Gene/Protein Disease Symptom Drug Enzyme Compound
Pivot Concepts:   Target Concepts:
Query: EC:3.1.3.1 (alkaline phosphatase)
47,916 document(s) hit in 31,850,051 MEDLINE articles (0.00 seconds)

The purpose of the present study was to determine the effects of oral contraceptive therapy on bone density and serum markers of bone metabolism in a prospective, longitudinal study of young adult female cynomolgus monkeys. Two hundred and seven intact cynomolgus monkeys were randomized to two groups, and fed an atherogenic diet containing either no drug (Control) or a triphasic oral contraceptive regimen (Contraceptive). Measurements of bone density were carried out by dual-energy X-ray absorptiometry at 10-month intervals (0, 10, and 20 months) and serum bone biomarkers were determined at 5-month intervals over the 20-month time course. No significant differences in these variables were observed prior to treatment. Both groups of animals gained bone mineral during the study, indicating that peak bone mass had not been reached at baseline.
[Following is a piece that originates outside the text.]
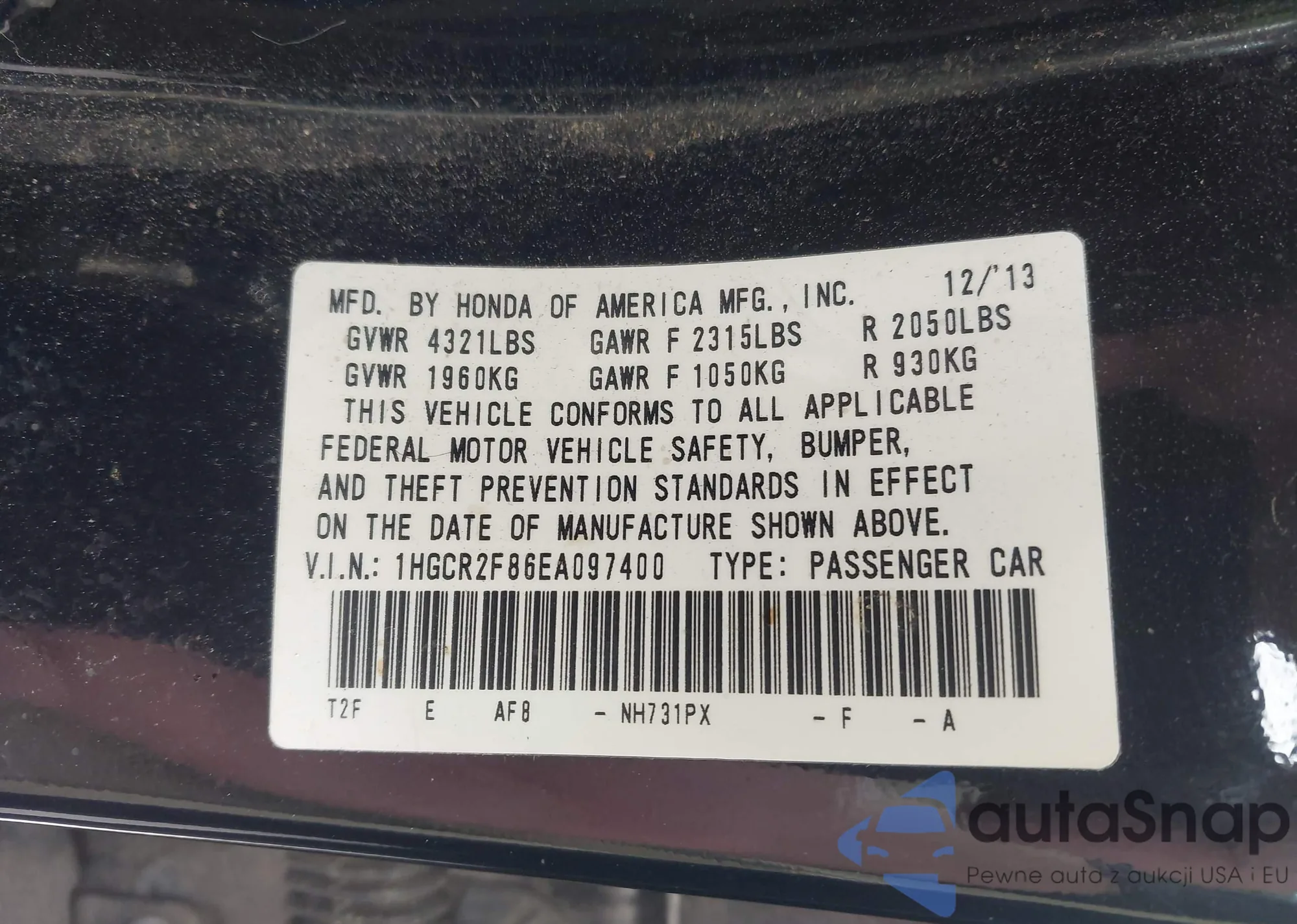 • VIN 1HGCR2F86EA097400

Contraceptive-treated animals gained less spinal (lumbar vertebrae 2-4) bone mineral content and density and less whole-body bone mineral content than Controls over the course of the study. Significant depressive effects of contraceptive treatment on gains in BMC and BMD were observed during each 10-month interval of the study. Bone metabolism was inhibited in the Contraceptive group, as reflected by marked reductions (approximately 40%) in serum osteocalcin and alkaline phosphatase levels along with moderate reductions in serum acid phosphatase and calcium. The results suggest that triphasic oral contraceptive treatment of young adult female monkeys that have not reached peak bone mass inhibits net bone accretion and/or growth by reducing bone metabolism. Thus, prolonged continuous oral contraceptive use in skeletally immature females may lead to a lower peak bone mass--an effect which could increase the risk of fractures in later life.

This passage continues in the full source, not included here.